**Stored data:**
======
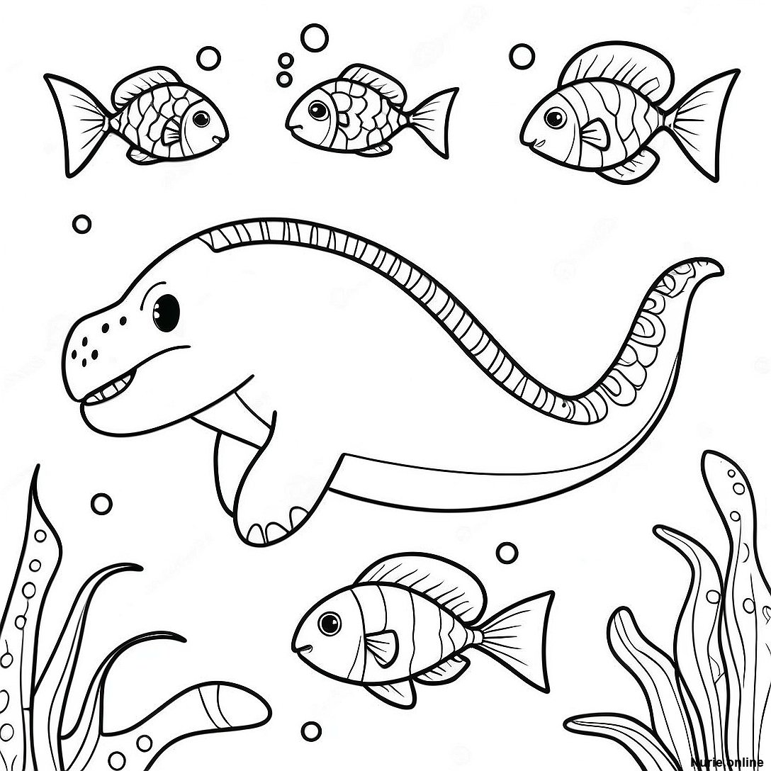 カラフルな魚と一緒のモササウルスの塗り絵の印刷可能なPDFをダウンロードする
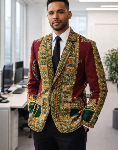 African-inspired executive jacket combining tailored office style with bold Dashiki patterns. Refined, professional, and culturally expressive.
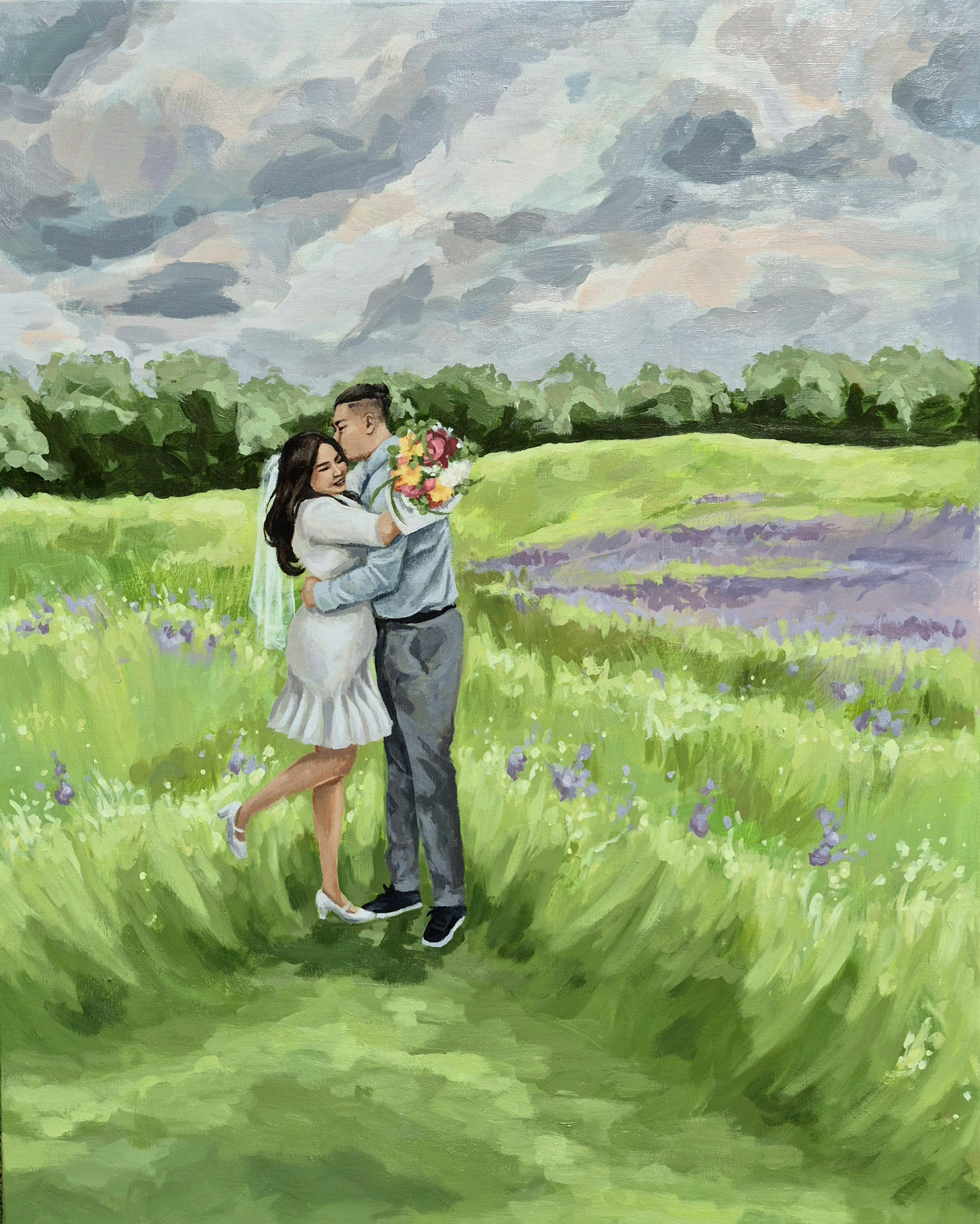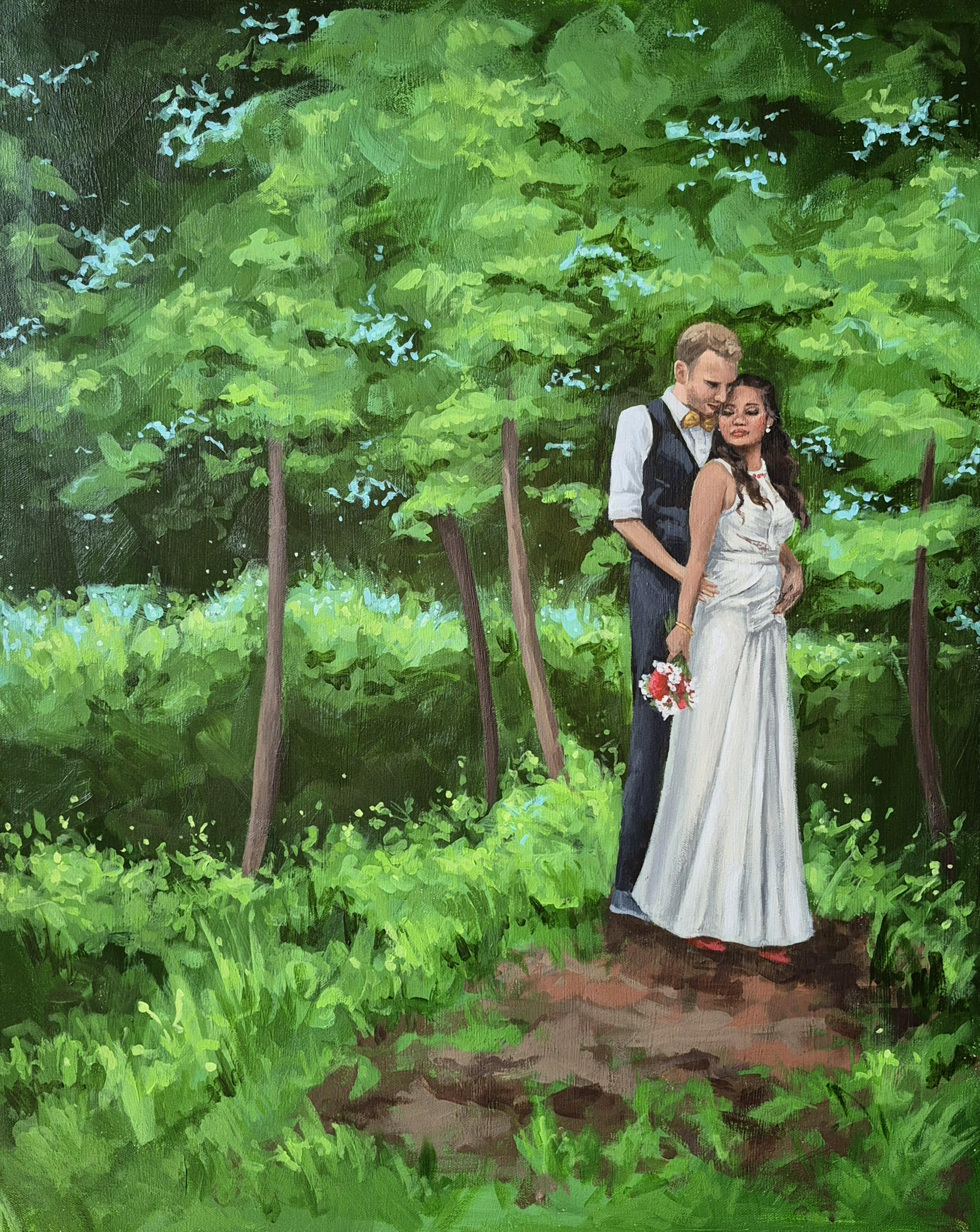 Includes 5 hours of live painting at the event ($400 hourly rate) and up to 50 guest portraits (or 25 couples) painted at the wedding.
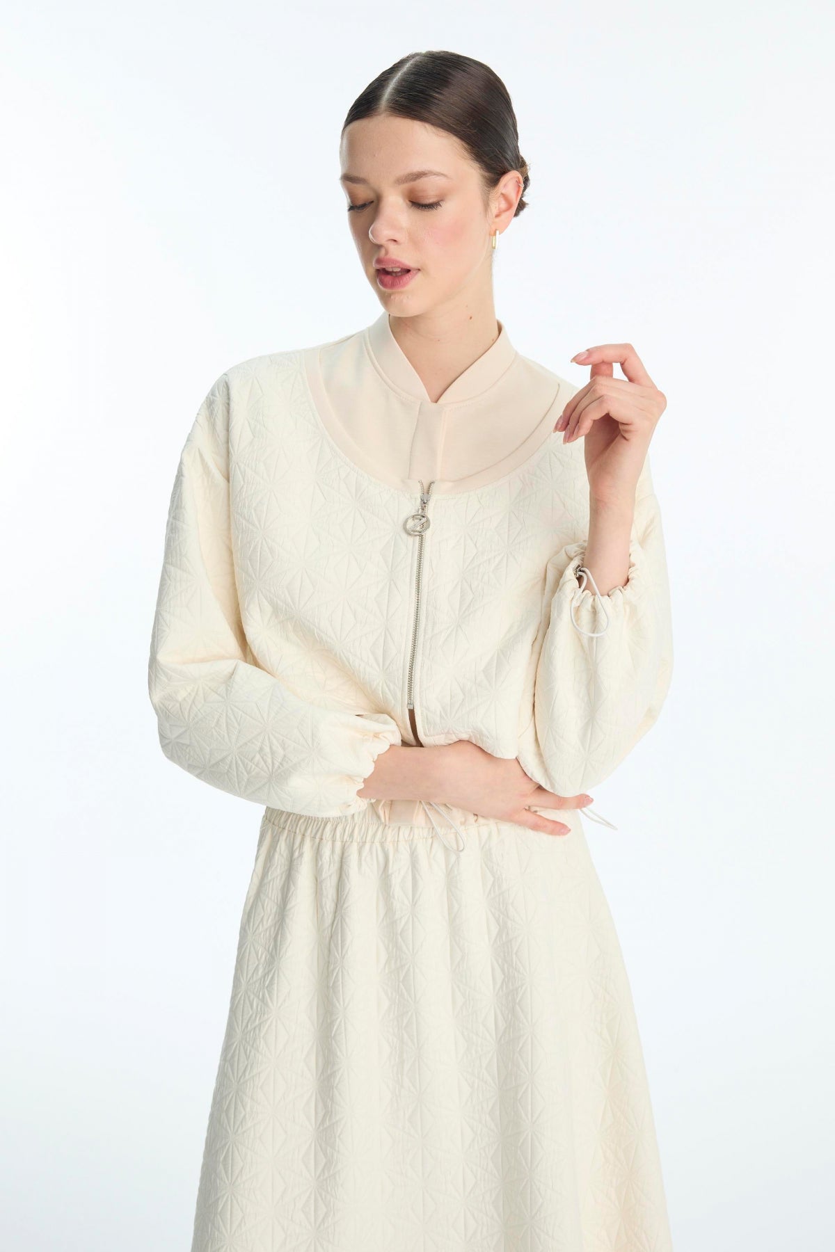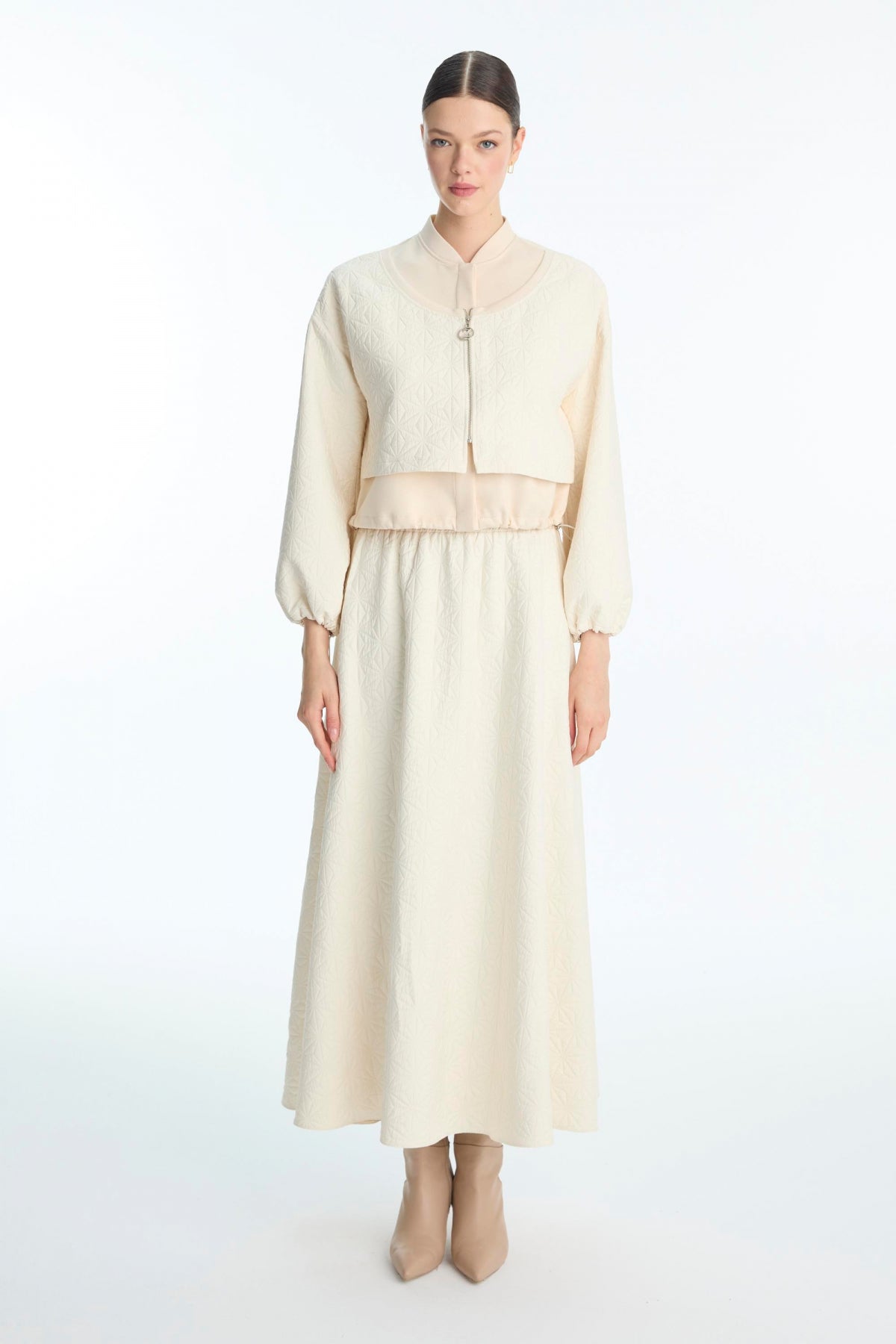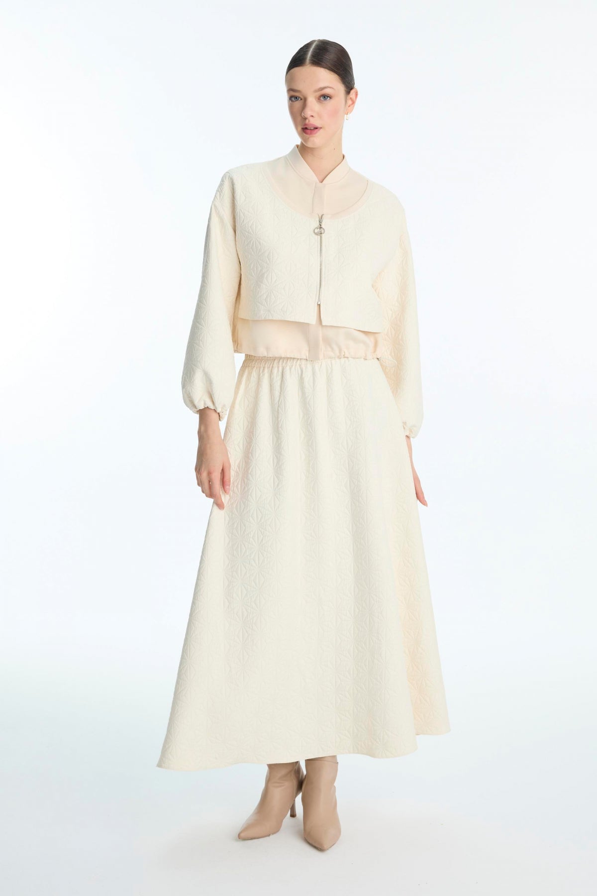 Jakar Desenli Belden Lastikli Ceket Etek Ikili Krem Takım 1688
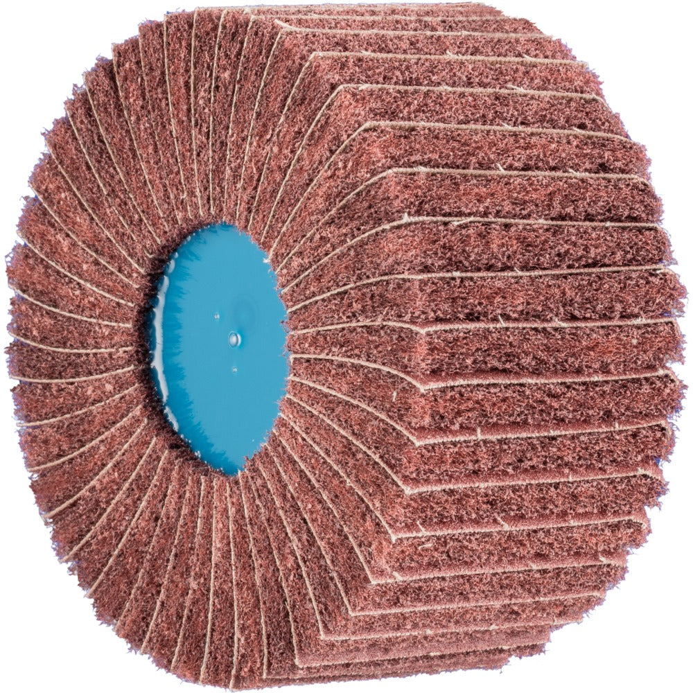 Polernylonet är radiellt monterat. Genom tät packning av lamellerna ökar livslängden. Verktyget är utformat för bearbetning av mellanstora ytor med varvtalsreglerade vinkelslipmaskiner och kälsvetsslipmaskiner och kan monteras direkt på arbetsspindeln.
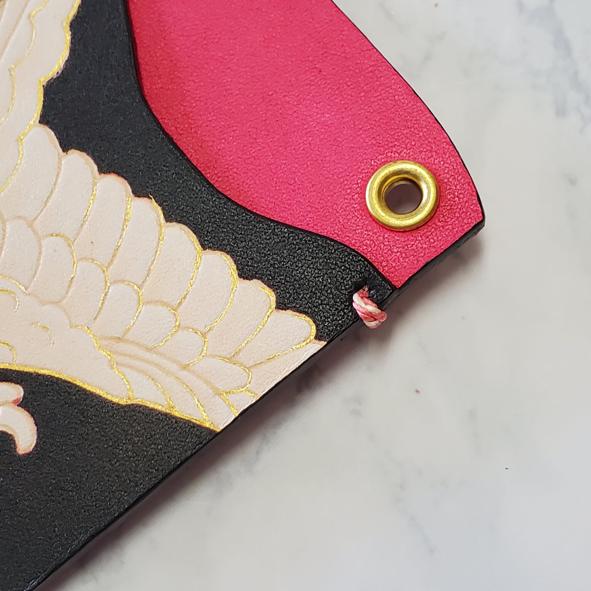 - 和柄小物となると、一般的に着物の端切れを使ったりしますが、布ではなく革なので、破れたり、ほつれる心配がありません。
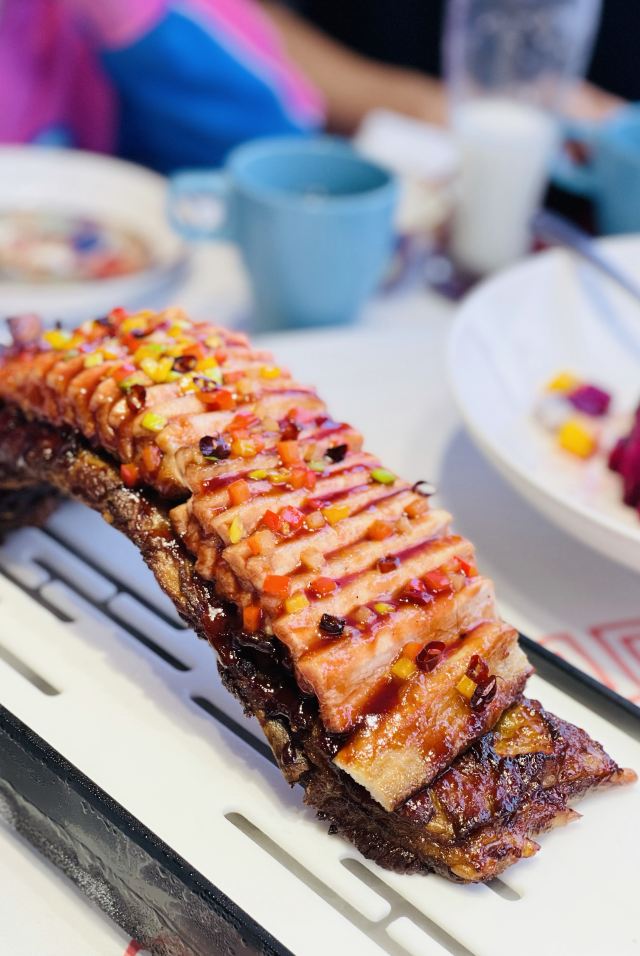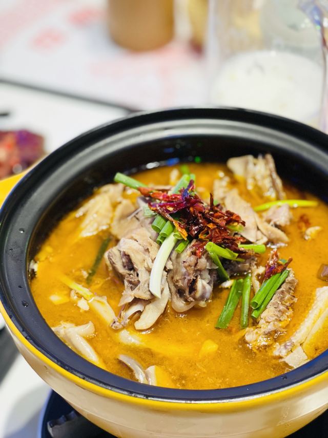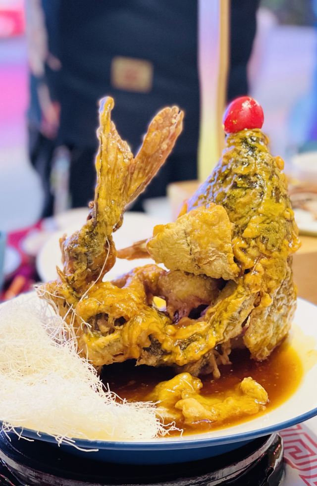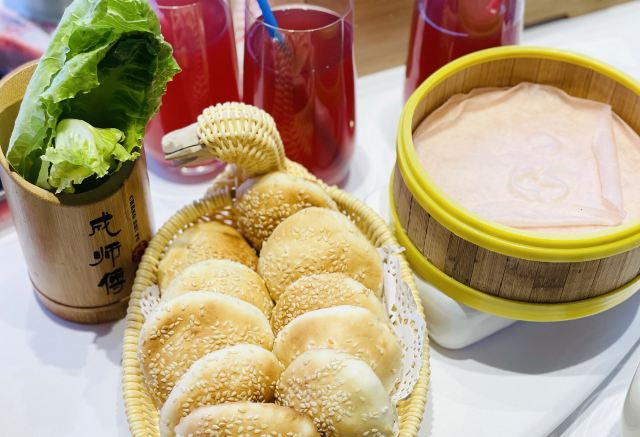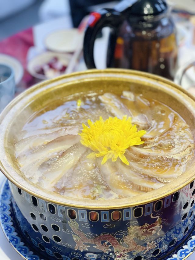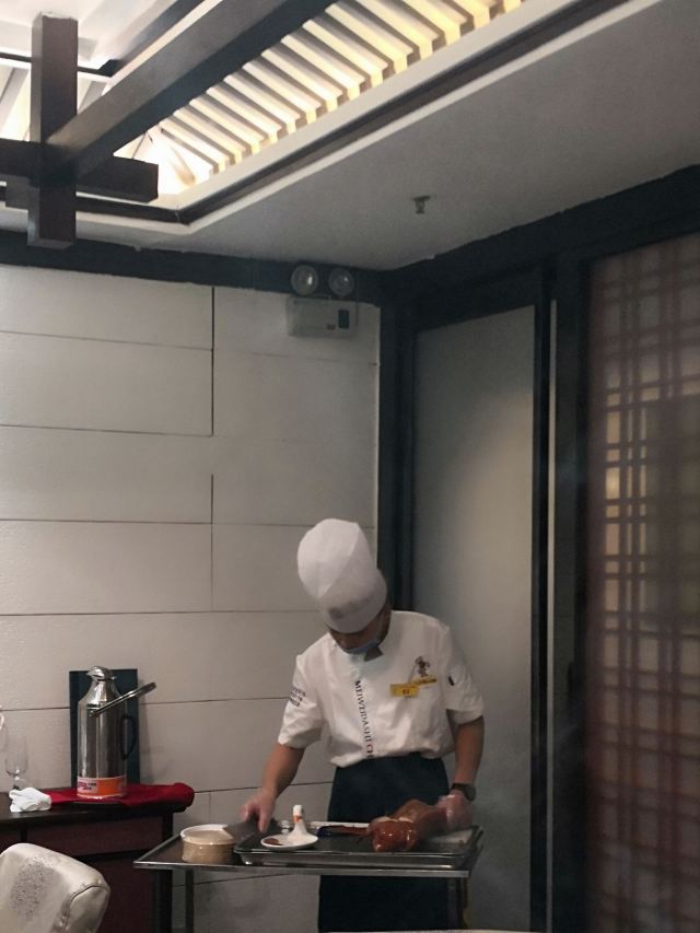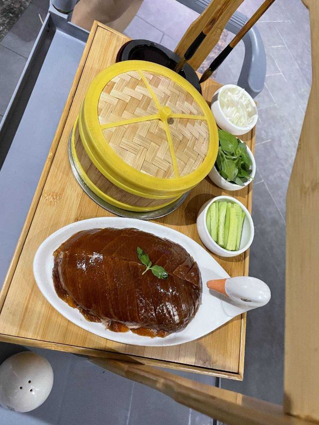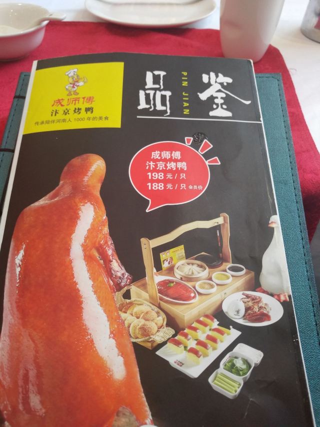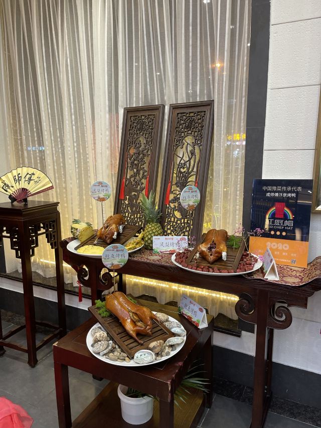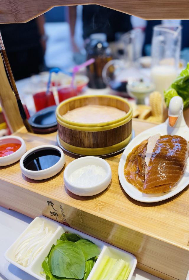 咪咕江郑州烤鸭届的“好学生”成师傅汴京烤鸭新品上市,最近就举了传统枣木经典烤鸭的“一”,变化出了鲍鱼烤鸭、红枣烤鸭、凤梨烤鸭的“三”。😃 甚至配烤鸭的饼,可制成高炉小芝麻烧饼、火龙果卷饼、或大罗马生菜🥬——这就非常贴合年轻人的口味了,尤其我家平时只吃肉的9岁狂热烤鸭爱好者。 制法大致是鸭皮果汁上浆,鸭膛放入鲍鱼、红枣、凤梨,再灌入熬制的果汁料汁,用枣木烤90分钟。其他依然是满满中国风,上桌的烤鸭盛器自带保温加热,鸭皮还是那么酥,可以蘸白糖直接吃~😚肉还是嫩,有汁水,毛笔蘸甜面酱刷饼,很有感觉。 这一次去成师傅,感觉烤鸭味型丰富的同时,还有菜品背后的文化解读更深刻了:北宋菊花锅、汴京虹桥排骨、黄袍加身、文豪固始鹅、金池汇七贤…服务员能讲每个菜品背后的故事。这一餐,既得药食同源之理,又听文人逸趣之雅,有梦回大宋的错觉。😁 话说,其实我觉得宋朝不是个好朝代,重文抑武,被迫南迁,凭借半壁江山飘摇百年。但是,宋朝的清风雅韵,文化蓬勃,荫及子孙万世。 更何况,1000年前的北宋汴京,发明了烤鸭~ 地址:正光路中兴路交叉口,成师傅汴京烤鸭,人均90元。
======
Print, exactly and only, the lines running from the line with "Includes 5 hours" through the last line of the data, including both. Skip any picture.

 Includes 5 hours of live painting at the event ($400 hourly rate) and up to 50 guest portraits (or 25 couples) painted at the wedding.
 Jakar Desenli Belden Lastikli Ceket Etek Ikili Krem Takım 1688
 Polernylonet är radiellt monterat. Genom tät packning av lamellerna ökar livslängden. Verktyget är utformat för bearbetning av mellanstora ytor med varvtalsreglerade vinkelslipmaskiner och kälsvetsslipmaskiner och kan monteras direkt på arbetsspindeln.
 - 和柄小物となると、一般的に着物の端切れを使ったりしますが、布ではなく革なので、破れたり、ほつれる心配がありません。
 咪咕江郑州烤鸭届的“好学生”成师傅汴京烤鸭新品上市,最近就举了传统枣木经典烤鸭的“一”,变化出了鲍鱼烤鸭、红枣烤鸭、凤梨烤鸭的“三”。😃 甚至配烤鸭的饼,可制成高炉小芝麻烧饼、火龙果卷饼、或大罗马生菜🥬——这就非常贴合年轻人的口味了,尤其我家平时只吃肉的9岁狂热烤鸭爱好者。 制法大致是鸭皮果汁上浆,鸭膛放入鲍鱼、红枣、凤梨,再灌入熬制的果汁料汁,用枣木烤90分钟。其他依然是满满中国风,上桌的烤鸭盛器自带保温加热,鸭皮还是那么酥,可以蘸白糖直接吃~😚肉还是嫩,有汁水,毛笔蘸甜面酱刷饼,很有感觉。 这一次去成师傅,感觉烤鸭味型丰富的同时,还有菜品背后的文化解读更深刻了:北宋菊花锅、汴京虹桥排骨、黄袍加身、文豪固始鹅、金池汇七贤…服务员能讲每个菜品背后的故事。这一餐,既得药食同源之理,又听文人逸趣之雅,有梦回大宋的错觉。😁 话说,其实我觉得宋朝不是个好朝代,重文抑武,被迫南迁,凭借半壁江山飘摇百年。但是,宋朝的清风雅韵,文化蓬勃,荫及子孙万世。 更何况,1000年前的北宋汴京,发明了烤鸭~ 地址:正光路中兴路交叉口,成师傅汴京烤鸭,人均90元。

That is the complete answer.